BEGIN Supplied information

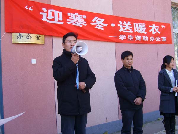 2008年11月21日,学生资助办公室在北校区开展了“迎寒冬、送暖衣”活动,为我校大一年级家庭经济困难学生发放了400余件保暖内衣。在寒冬即将来临之际,解决了贫困生缺少过冬衣物的实际困难。北区办副主任庞然,08级全体辅导员出席了此次暖衣发放活动。
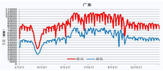 | 全年日最高、最低負(fù)荷曲線 | 用電最高 | 8月夏季最炎熱的時(shí)候用電量最高 |
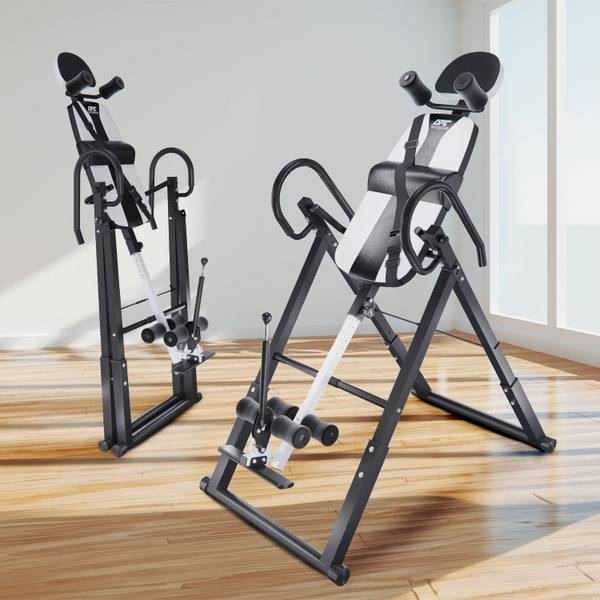 Description: The DFC IT6312A-W Inversion Table offers a convenient and effective way to improve posture, strengthen ligaments, and boost circulation. Featuring a white backrest with headrests and a removable lumbar support pillow for enhanced comfort, this inversion table includes a safety strap and double rollers for ease of use. With a 150 kg (330 lb) weight capacity, its adjustable angle limiter bar offers three incline positions for customized workouts. Its foldable design ensures easy storage and portability, making it perfect for home use.
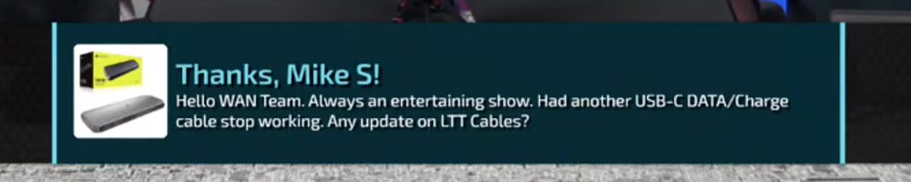 Mike S message Thanks, Mike S! Hello WAN Team. Always an entertaining show. Had another USB-C DATA/Charge cable stop working. Any update on LTT Cables? Timestamp

END Supplied information

(Problem to solve): Every line in the data above needs to be given again exactly, pictures aside.

(Answer to the exercise):
 2008年11月21日,学生资助办公室在北校区开展了“迎寒冬、送暖衣”活动,为我校大一年级家庭经济困难学生发放了400余件保暖内衣。在寒冬即将来临之际,解决了贫困生缺少过冬衣物的实际困难。北区办副主任庞然,08级全体辅导员出席了此次暖衣发放活动。
 | 全年日最高、最低負(fù)荷曲線 | 用電最高 | 8月夏季最炎熱的時(shí)候用電量最高 |
 Description: The DFC IT6312A-W Inversion Table offers a convenient and effective way to improve posture, strengthen ligaments, and boost circulation. Featuring a white backrest with headrests and a removable lumbar support pillow for enhanced comfort, this inversion table includes a safety strap and double rollers for ease of use. With a 150 kg (330 lb) weight capacity, its adjustable angle limiter bar offers three incline positions for customized workouts. Its foldable design ensures easy storage and portability, making it perfect for home use.
 Mike S message Thanks, Mike S! Hello WAN Team. Always an entertaining show. Had another USB-C DATA/Charge cable stop working. Any update on LTT Cables? Timestamp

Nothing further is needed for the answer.